Position: Clinical Data Manager

Primary Location: Faridabad, Haryana

Salary: - 10 - 20 lpa

Reporting to: Sr. Director-Biometrics

Full Time Position

JOB DESCRIPTION

Essential Functions:

Contribute to data management activities in support of clinical studies, including:

- eCRF development by leading cross-functional reviews of eCRF content

- Database build activities, including review of edit check specifications and performance of user acceptance testing

- Monitoring data collection, coding, and cleaning by vendors through tracking of study metrics and targeted data reviews

- Oversight of database lock activities and ultimate archiving of study data.

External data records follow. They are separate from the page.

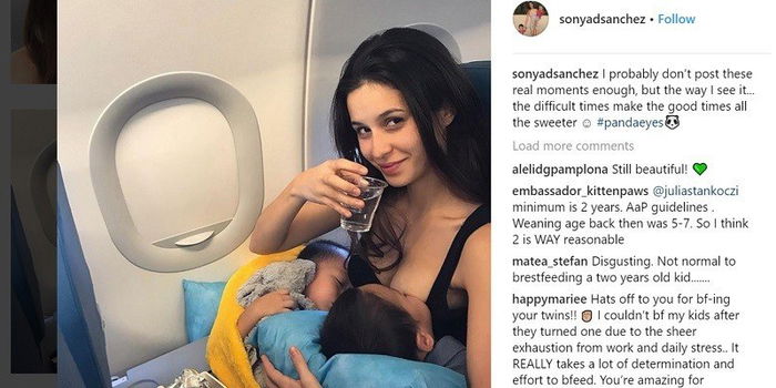 While we’ve come far in the movement to #normalizebreastfeeding, we still have a long way to go. This is most recently showcased by celeb mom of two and stunning model Sonya Davison, when she posted a gorgeous picture of herself and her twin toddler boys in a flight.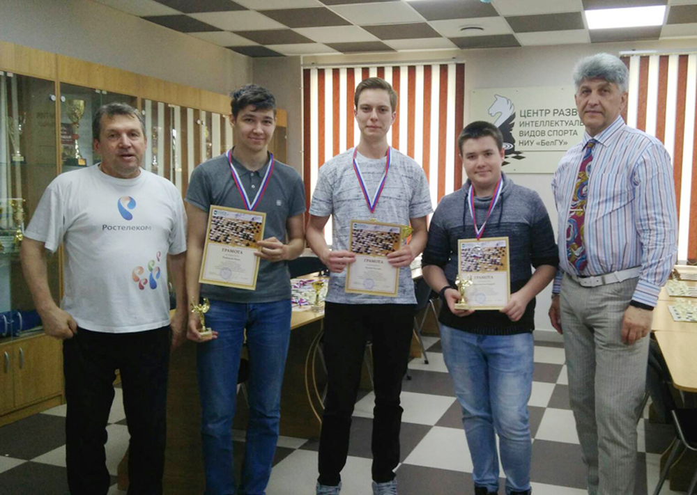 В мужском турнире первенствовал Руслан Кукин (студент факультета физической культуры педагогического института), на втором месте Андрей Шалопутов (инжиниринговый колледж), третье место разделили директор Центра развития интеллектуальных видов спорта Александр Иванов (лучший результат среди преподавателей и сотрудников) и Павел Науменко (тренер СШ Белгородского района по шахматам).
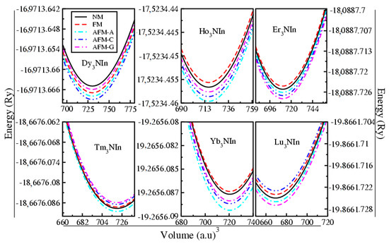 Figure 10 shows that the ground state energy of the C-type AFM of Dy3NIn is smaller than the other magnetic phases, indicating that this compound shows the C-AFM stable magnetic phase. Moreover, the ground state energy of the A-type AFM of Ho3NIn, Tm3Nin, and Yb3NIn is smaller than the other magnetic phases, indicating that these compounds show the A-AFM stable magnetic phase and the ground state energy of G-type. The AFMs of Er3NIn and Lu3NIn aresmaller than the other magnetic phases, indicating that these compounds show the G-AFM stable magnetic phase.

- Collaborate with internal and external partners, including Biostatistics, Statistical Programming, Clinical Operations, Medical, Quality Assurance, Drug Safety and Pharmacovigilance; CROs, central and local laboratories, and other vendors

- Establish cross-functional, internal data review plans, coordinate data cuts/transfers, and conduct data reviews

- Review CRO data management plans, CRF completion guidelines, edit check specifications, external data transfer specifications and other study documentation

- Represent data management and effectively communicate requirements, strategy, timelines and deliverables at internal cross-functional team meetings and meetings with external vendors

- Participate in the drafting and/or review of timelines consistent with company goals and ensure all deliverables and milestones are met

- Review clinical protocols/amendments, clinical study reports, statistical analysis plans, etc.

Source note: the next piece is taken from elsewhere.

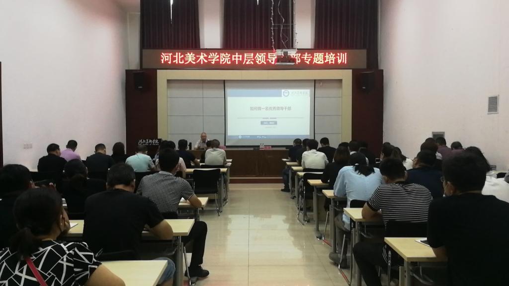 为进一步适应学校综合改革要求,提升中层领导干部的思想政治素质和履职尽责能力,推动学校战略性事业又好又快发展,2020年8月17日上午我校在北高五报告厅举办“中层领导干部专题培训(第一期)”。特别邀请河北省人力资源和社会保障厅原副巡视员傅国丰作“如何做一名优秀领导干部”的主题报告。校长助理、人事处处长麻立峰主持,全校副处级及以上的中层领导干部参加了培训学习。

- Support GCP inspection readiness

- Demonstrate clear alignment with Core Values including, Commitment to People, Innovation and Discovery, Sense of Urgency, Open Culture and Passion for Excellence

Education and Experience

- Postgraduate / graduate degree in life sciences subject.

- >8 years' experience in pharmaceutical, technical, or related area. Equivalent combination of education, training and experience.

- Hands on experience on clinical database design, query management, medical coding, and database lock using any industry standard EDC tools like RAVE, INFORM, and TrialMaster.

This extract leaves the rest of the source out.